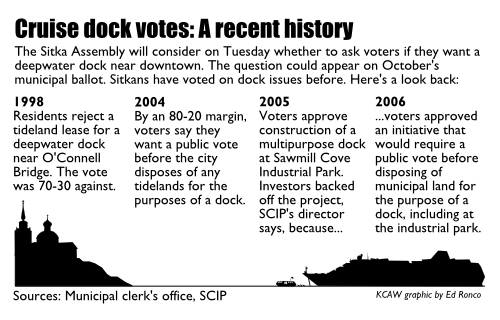 Should Sitka have a dock for cruise passengers near downtown? The Sitka Assembly will decide Tuesday whether to ask voters that question. It’s not a new question, and in Part 1 of this series, you heard about the economic factors that have brought it back up for discussion.
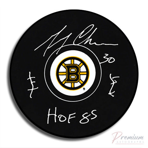 Gerry Cheevers Boston Bruins Signed Puck w/ HOF 85 & Stitches Inscription
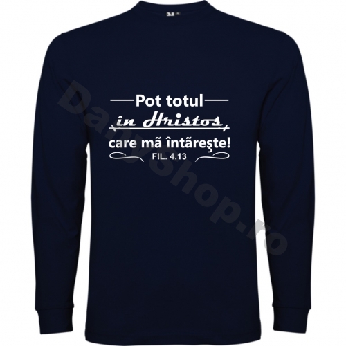 Tricou cu mânecă lungă, fără cusături laterale, cu guler în 4 straturi la baza gâtului și manșete în canalé 1x1.
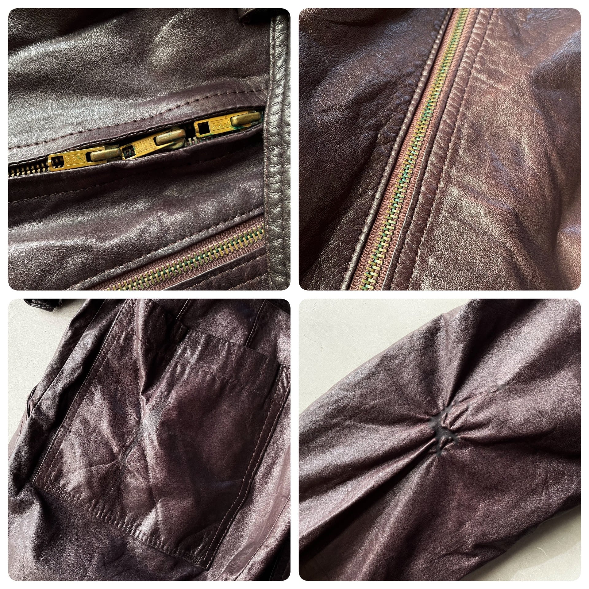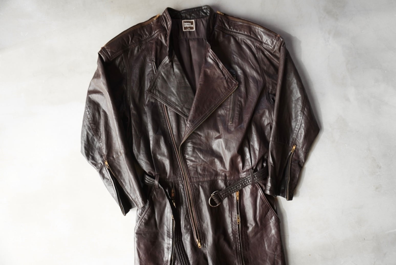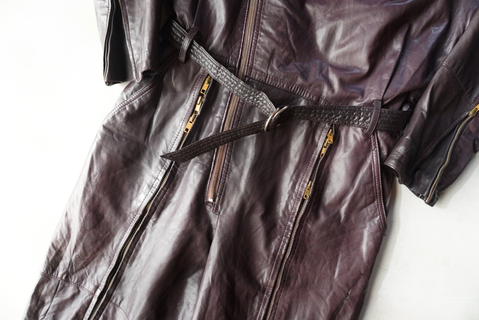 ほんのり赤みのあるブラウンレザーが使用された、ダブルのライダース仕様のスペシャルなジャンプスーツ。
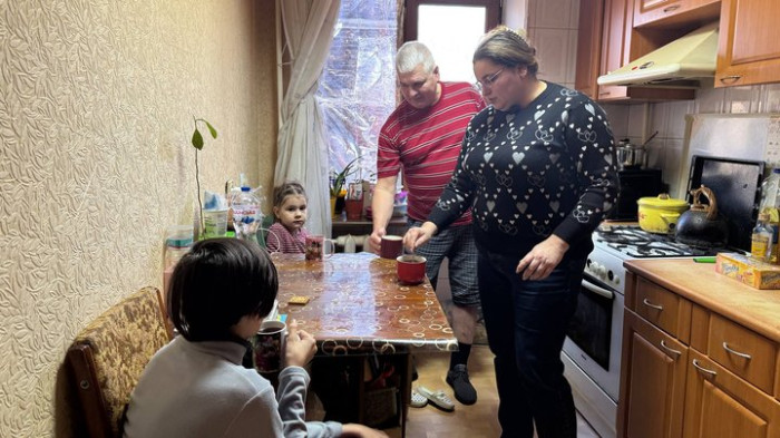 Родина Скидан разом п’є чай у новій квартирі, де знайшли прихисток після обстрілу восени 2024 року. Суспільне Запоріжжя
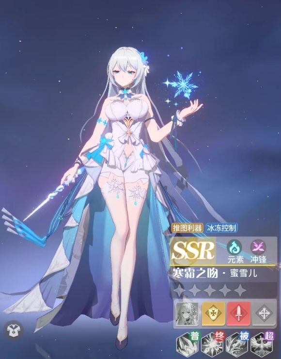 寒霜之吻的本名叫做蜜雪儿,是一个人气很高的角色。也被很多玩家戏称为游戏官方的宠儿,作为一个SSR角色自然有着强大的基础属性。并且是一个输出角色,可以帮助你快速推图,还带有一定的控制能力。

§ Problem details:
Render all entries verbatim, excluding any pictures they hold.

§ Result of this exercise:
 Should Sitka have a dock for cruise passengers near downtown? The Sitka Assembly will decide Tuesday whether to ask voters that question. It’s not a new question, and in Part 1 of this series, you heard about the economic factors that have brought it back up for discussion.
 Gerry Cheevers Boston Bruins Signed Puck w/ HOF 85 & Stitches Inscription
 Tricou cu mânecă lungă, fără cusături laterale, cu guler în 4 straturi la baza gâtului și manșete în canalé 1x1.
 ほんのり赤みのあるブラウンレザーが使用された、ダブルのライダース仕様のスペシャルなジャンプスーツ。
 Родина Скидан разом п’є чай у новій квартирі, де знайшли прихисток після обстрілу восени 2024 року. Суспільне Запоріжжя
 寒霜之吻的本名叫做蜜雪儿,是一个人气很高的角色。也被很多玩家戏称为游戏官方的宠儿,作为一个SSR角色自然有着强大的基础属性。并且是一个输出角色,可以帮助你快速推图,还带有一定的控制能力。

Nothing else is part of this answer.